> [WHAT THE TASK REQUIRES]:
What you return should match the listing exactly, minus its images.

> [INFORMATION PROVIDED]:

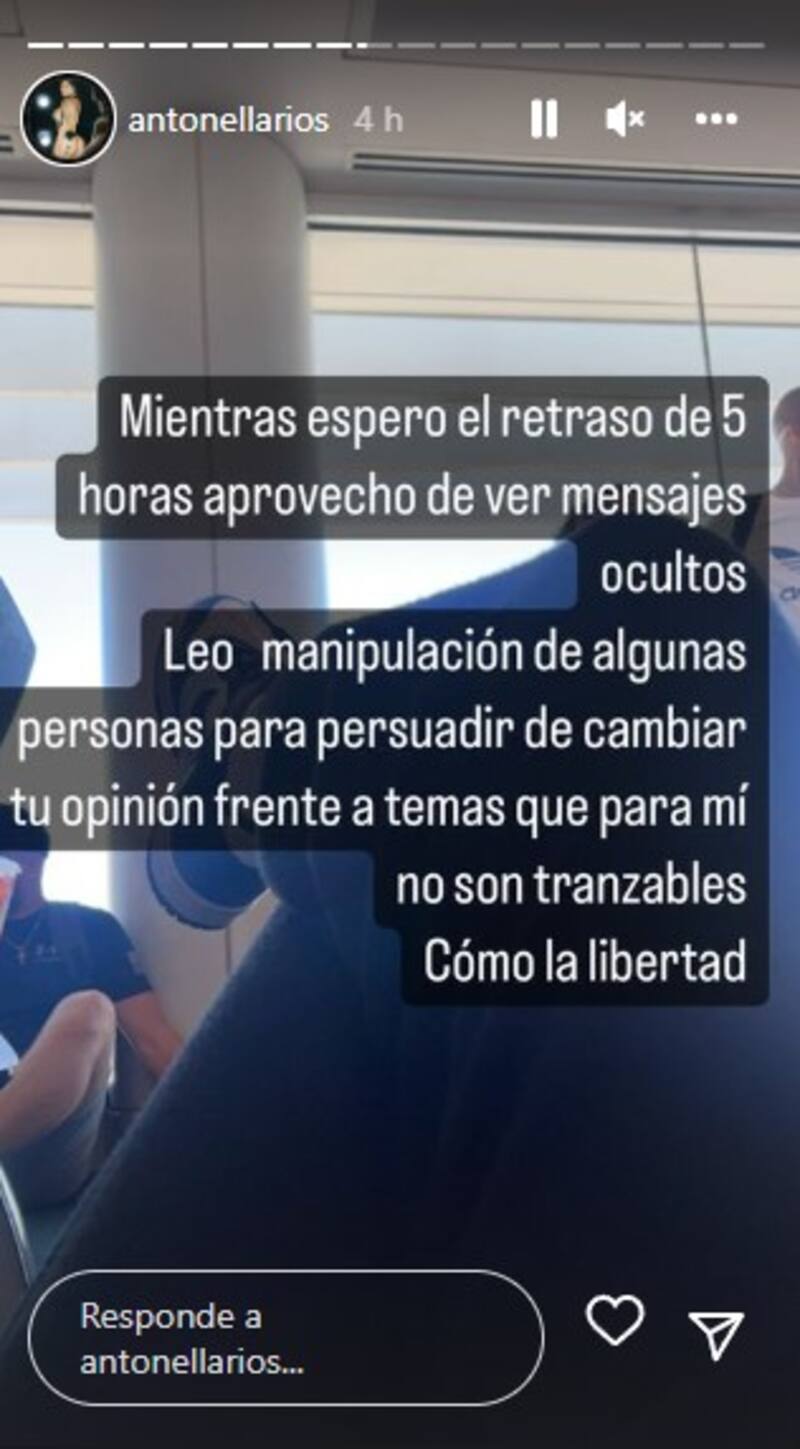 “Mientras espero el retraso de 5 horas aprovecho de ver mensajes ocultos. Leo manipulación de algunas personas para persuadir de cambiar tu opinión frente a temas que para mí no son transables, como la libertad”, detalló.
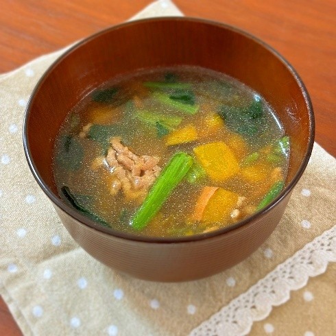 かぼちゃとほうれんそうのそぼろスープ
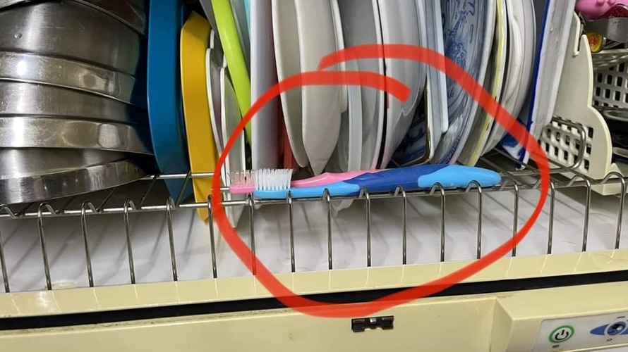原PO在臉書「爆怨公社」上貼出照片,牙刷和碗盤一起放在烘碗機裡,她抱怨「想問各位爸媽,你們會將小孩的牙刷放進去烘碗機,跟碗盤一起烘嗎?就算牙刷有洗,這樣真的不髒沒有細菌嗎?我哥他老婆一直都這樣做,然後一直說她自己很愛乾淨?就我自己的認知,這個東西不用烘吧奇葩的還有用過的3M牙線,洗好放在我爸洗臉的毛巾上!我哥還說沒關係,毛巾他二個星期會洗一次!我也是疑惑他們一家四口用二條大浴巾,洗完澡的時候擦乾身體用的」。

> [OUTPUT OF THE EXERCISE]:
 “Mientras espero el retraso de 5 horas aprovecho de ver mensajes ocultos. Leo manipulación de algunas personas para persuadir de cambiar tu opinión frente a temas que para mí no son transables, como la libertad”, detalló.
 かぼちゃとほうれんそうのそぼろスープ
原PO在臉書「爆怨公社」上貼出照片,牙刷和碗盤一起放在烘碗機裡,她抱怨「想問各位爸媽,你們會將小孩的牙刷放進去烘碗機,跟碗盤一起烘嗎?就算牙刷有洗,這樣真的不髒沒有細菌嗎?我哥他老婆一直都這樣做,然後一直說她自己很愛乾淨?就我自己的認知,這個東西不用烘吧奇葩的還有用過的3M牙線,洗好放在我爸洗臉的毛巾上!我哥還說沒關係,毛巾他二個星期會洗一次!我也是疑惑他們一家四口用二條大浴巾,洗完澡的時候擦乾身體用的」。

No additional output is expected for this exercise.